Language-Codec: Reducing the Gaps Between Discrete Codec Representation and Speech Language Models

27 Apr 2024 | Shengpeng Ji, Minghui Fang, Ziyue Jiang, Siqi Zheng, Qian Chen, Rongjie Huang, Jialong Zuo, Shulei Wang, Zhou Zhao
The paper "Language-Codec: Reducing the Gaps Between Discrete Codec Representation and Speech Language Models" addresses the challenges in using discrete acoustic codecs for downstream speech language models. The authors identify several gaps, including the limited training data for codecs, the need for numerous codebooks, and the excessive information in the initial channel of codebooks. To address these issues, they propose Language-Codec, which introduces a Masked Channel Residual Vector Quantization (MCRVQ) mechanism, improved Fourier transform structures, larger training datasets, and optimized hyperparameters.

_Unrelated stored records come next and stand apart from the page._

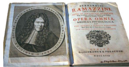
شکل ۱- رساله برناردینو رامازینی

طب کار رشته‌ای تخصصی است با وظایف گوناگون، که با رشته‌های بهداشت حرفه‌ای، ایمنی، ارگونومی، سم‌شناسی، اپیدمیولوژی، روان‌شناسی و پرستاری ارتباط متقابل و تعامل و با سایر تخصص‌های پزشکی (به ویژه ریه، گوش و حلق و بینی، پوست، روماتولوژی، ارتوپدی، توانبخشی و روانپزشکی) همبستگی دارد. برای موفق بودن در طب کار لازم است اصول پیشگیرانه و اصول روانی - اجتماعی با دید بالینی و تشخیصی و نوآوری در درمان تلفیق شود. توجه به تاریخ پزشکی در رشته‌های گوناگون در درک نحوه دستیابی به پیشرفت‌های آن رشته تأثیر بسزایی دارد. در این مقاله خلاصه‌ای از تاریخچه طب کار و پیشرفت‌های آن از آغاز توجه به مسایل شغلی در بیماری‌ها بیان شده است.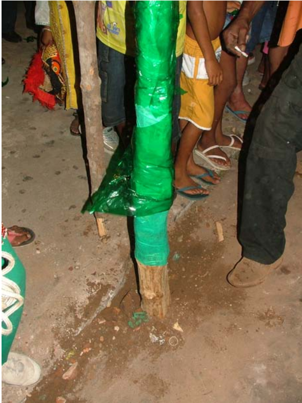
Fincando o Mourão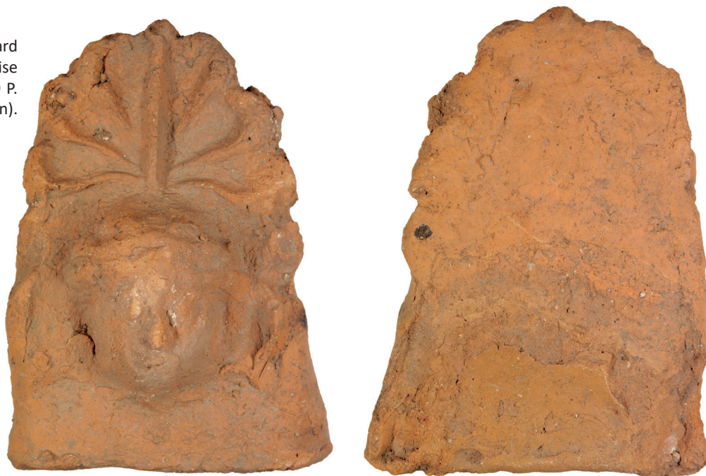
Fig. 3 : Rodez, 1 boulevard François Fabié. Antéfixe mise au jour dans l'u.s. 8005 (© P. Lagarrigue, SDA de l'Aveyron).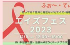
HIV・エイズ予防啓発フェス2023「知ってる? 意外と身近なHIV/エイズ」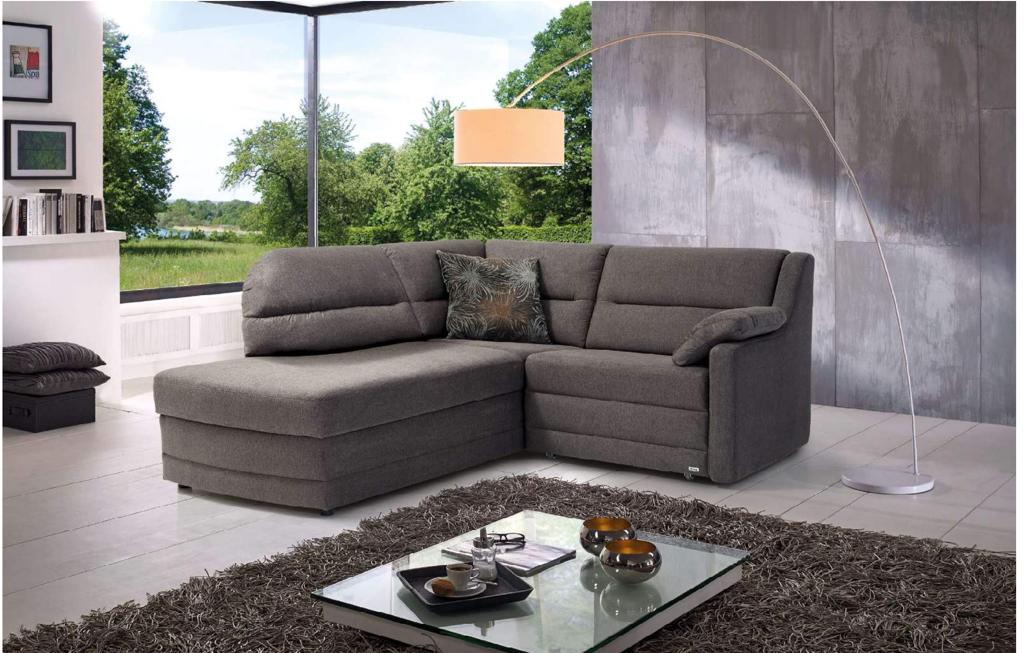
OBJEKT | L3-L, AZE, AT-R | Gleiter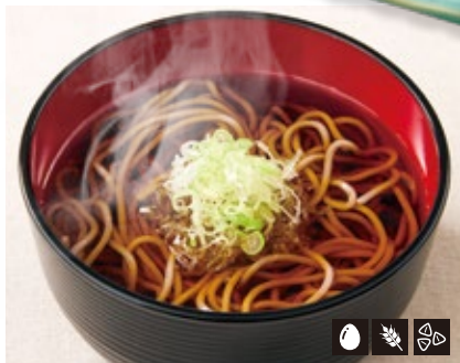
77 ミニ温そば 727円 (¥800円)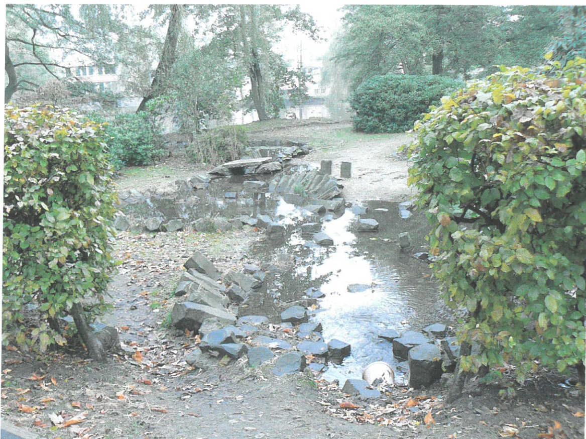
Napouštěcí potrubí a horní část Japonské zahrady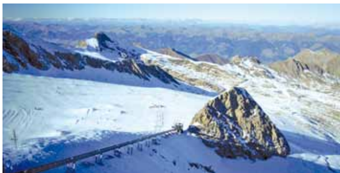
▲ Kitzsteinhorn Gletscher

ganisierte für dieses Training das Hotel, die Liftkarten und alles was noch bei so einem Training dazu gehört, Danke.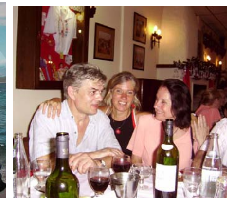
... y en la Argentina (Año Nuevo 2007, en el Club Hungría, siempre feliz reencuentro con su madre y hermana)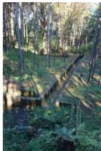
水力発電施設の遺構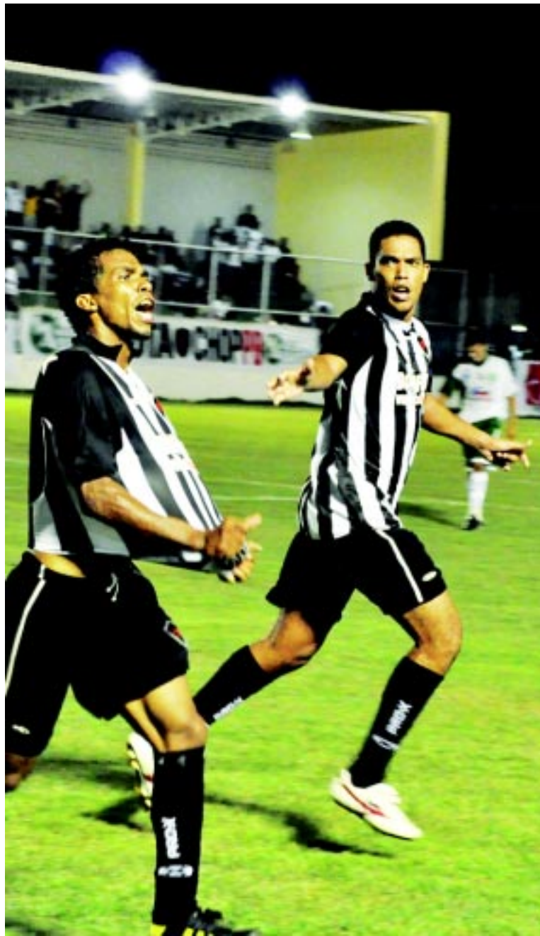
Treze e CSP, acima, foram os melhores do Campeonato Paraibano em sua primeira fase, principalmente o Alvinegro de Campina Grande que terminou na frente e invicto. Os dois vão se defrontar com Botafogo e Campinense, respectivamente, na segunda fase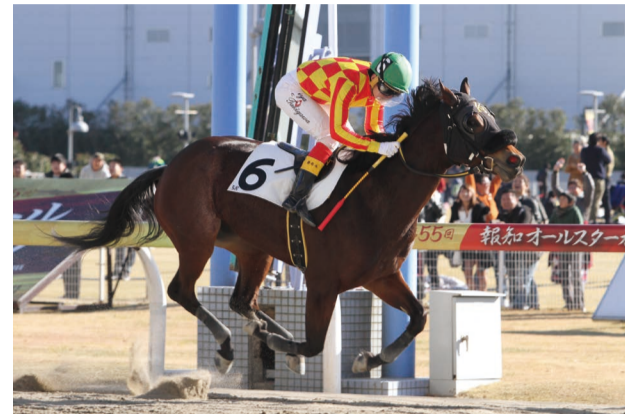
スパロービートの愛娘グローリアスサードの記念すべき初勝利シーン

今年に入り、1月1日の川崎開催で、川崎生え抜き種牡馬スパロービートの初年度産駒グローリアスサード（馬主・日下部勝徳様、高月賢一厩舎）が優勝。スパロービートは2009年1月の船橋記念を勝ち、その年の北海道スプリントカップを3着。ちょうど自身が重賞初制覇をしてから10年後に、記念すべき産駒初勝利を挙げました。父も母もこの愛娘も、日下部オーナー＆高月厩舎という夢とロマンの結晶です。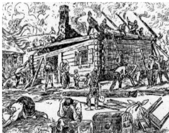
Pożar w drewnianej zabudowie najczęściej kończył się tragicznie.

Wczesne osiedla miejskie budowano z drewna, co gorsza zazwyczaj bez żadnego planu. Nagminnym zjawiskiem było dostawianie drewnianych krużganków, ganków, schodów i schowków, co występowało nawet w późniejszych wiekach. Na przykład w Warszawie ratusz, usytuowany na środku Rynku Staromiejskiego, był jeszcze do początku XIX w. dosłownie obudowany kramami i warsztatami rzemieślników. W Krakowie powszechnie stosowano drewniane dobudówki i takie pokrycia dachowe. Jeszcze w XVI w. było tam dużo drewnianych domów krytych słomą. Niektóre budynki nie miały szyb, a otwory okienne zabezpieczano tylko okiennicami. Plagę pożarów najlepiej ilustruje sytuacja w dwóch najważniejszych miastach Polski: Krakowie i Warszawie. W Krakowie wielkie pożary miały miejsce w latach: 1125, 1205, 1241, 1259, 1285, 1306, 1405, 1407, 1445, 1504, 1528, 1536, 1587, a w Warszawie w latach: 1384, 1480, 1515, 1607, 1697. Groźne pożary zniszczyły też wiele mniejszych miast polskich.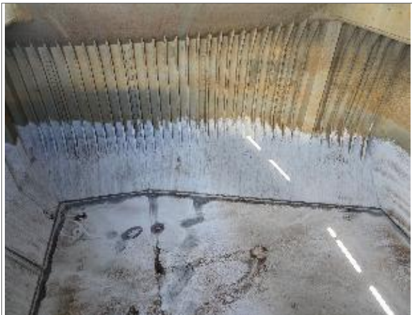
22. Banda de babor de la bodega.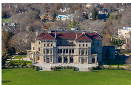
Newport - Ri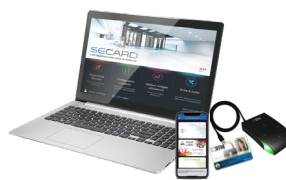
SECARD Kit de programmation SECard et les protocoles SSCP® v1 & v2 et OSDP™ v1 & v2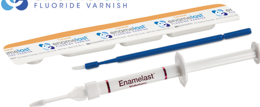
Abb. 2: Der fünfprozentige Natriumfluoridlack Enamelast™ zur Behandlung von Zahnhypersensibilität und zur Kariesprophylaxe ist als Spritze in der Geschmacksrichtung Walterberry erhältlich sowie als Unit-Dose in Walterberry, Orange Cream, Cool Mint, Bubble Gum und neu in Caramel.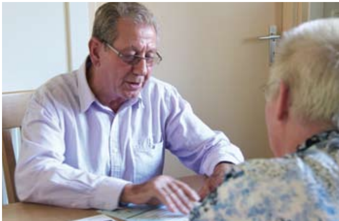
De ouderenadviseur helpt u graag met uw brief of formulier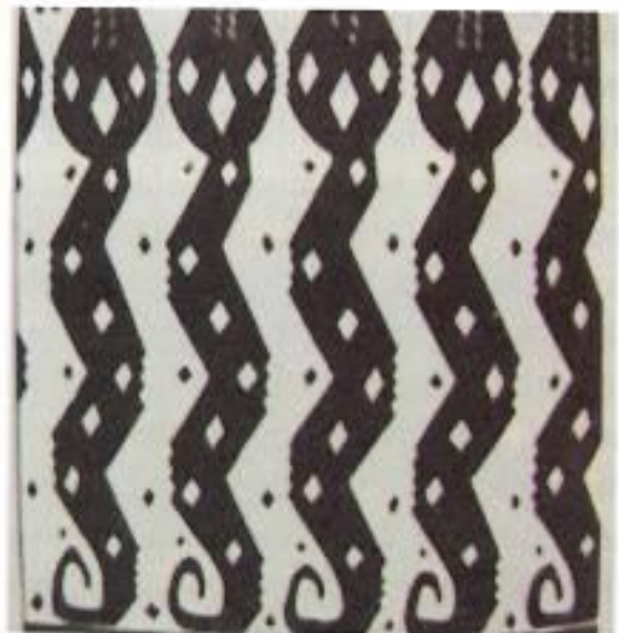
Foto 7. Kain Sumba motif ular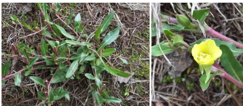
Figura 67. Planta: Oenothera multicaulis .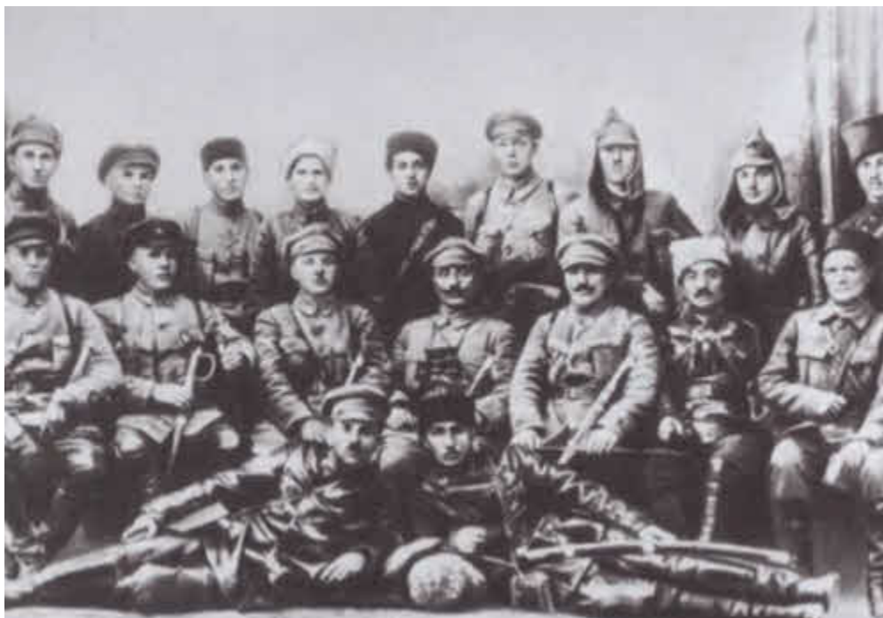
К. Е. Ворошилов и С. М. Буденный с командирами и политработниками 1-й Конной армии. Майкоп. 1920 г.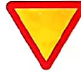
ΥΠΟΧΡΕΩΤΙΚΗ ΠΑΡΑΚΟΡΜΗ ΠΡΟΤΕΡΑΙΟΤΗΤΑΣ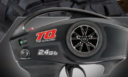
TQ™ 2.4GHz Radio System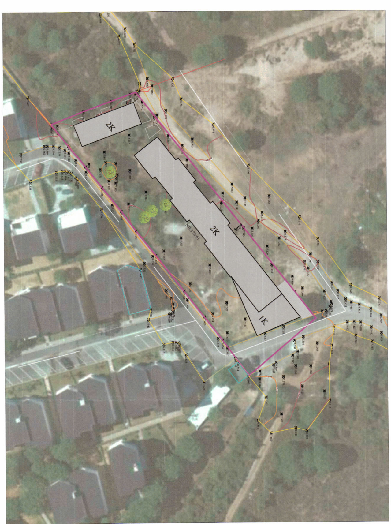
HARTA TOPOGRAFIKE SHK. 1:750

TREGUESIT E ZHVILLIMIT: Sipërfaqe e përgjithshme e truallit: 2756 m 2 Sipërfaqe e truallit e zënë nga struktura (gjurma): 923 m 2 Sipërfaqe e përgjithshme e ndërtimit: 1710.5m 2 Koeficienti i shfrytëzimit të truallit për ndërtim: 33% Intensiteti i ndërtimit: f=1/62 Lartësia maksimale e strukturës nga niveli i kuadër së sistemit: +7.50 m Numri i katëve mbi tokë: 2KT Numri i katëve nën tokë: 1KT

The Language-Codec model achieves excellent audio reconstruction quality with only four codebook channels, outperforming competing audio compression algorithms across various metrics and datasets. The paper also validates the efficiency of Language-Codec on downstream speech language models and provides open-source code and pre-trained models. The contributions of Language-Codec include its innovative MCRVQ structure, enhanced decoder structure, and superior performance in audio reconstruction and downstream tasks.The paper "Language-Codec: Reducing the Gaps Between Discrete Codec Representation and Speech Language Models" addresses the challenges in using discrete acoustic codecs for downstream speech language models. The authors identify several gaps, including the limited training data for codecs, the need for numerous codebooks, and the excessive information in the initial channel of codebooks. To address these issues, they propose Language-Codec, which introduces a Masked Channel Residual Vector Quantization (MCRVQ) mechanism, improved Fourier transform structures, larger training datasets, and optimized hyperparameters. The Language-Codec model achieves excellent audio reconstruction quality with only four codebook channels, outperforming competing audio compression algorithms across various metrics and datasets. The paper also validates the efficiency of Language-Codec on downstream speech language models and provides open-source code and pre-trained models. The contributions of Language-Codec include its innovative MCRVQ structure, enhanced decoder structure, and superior performance in audio reconstruction and downstream tasks.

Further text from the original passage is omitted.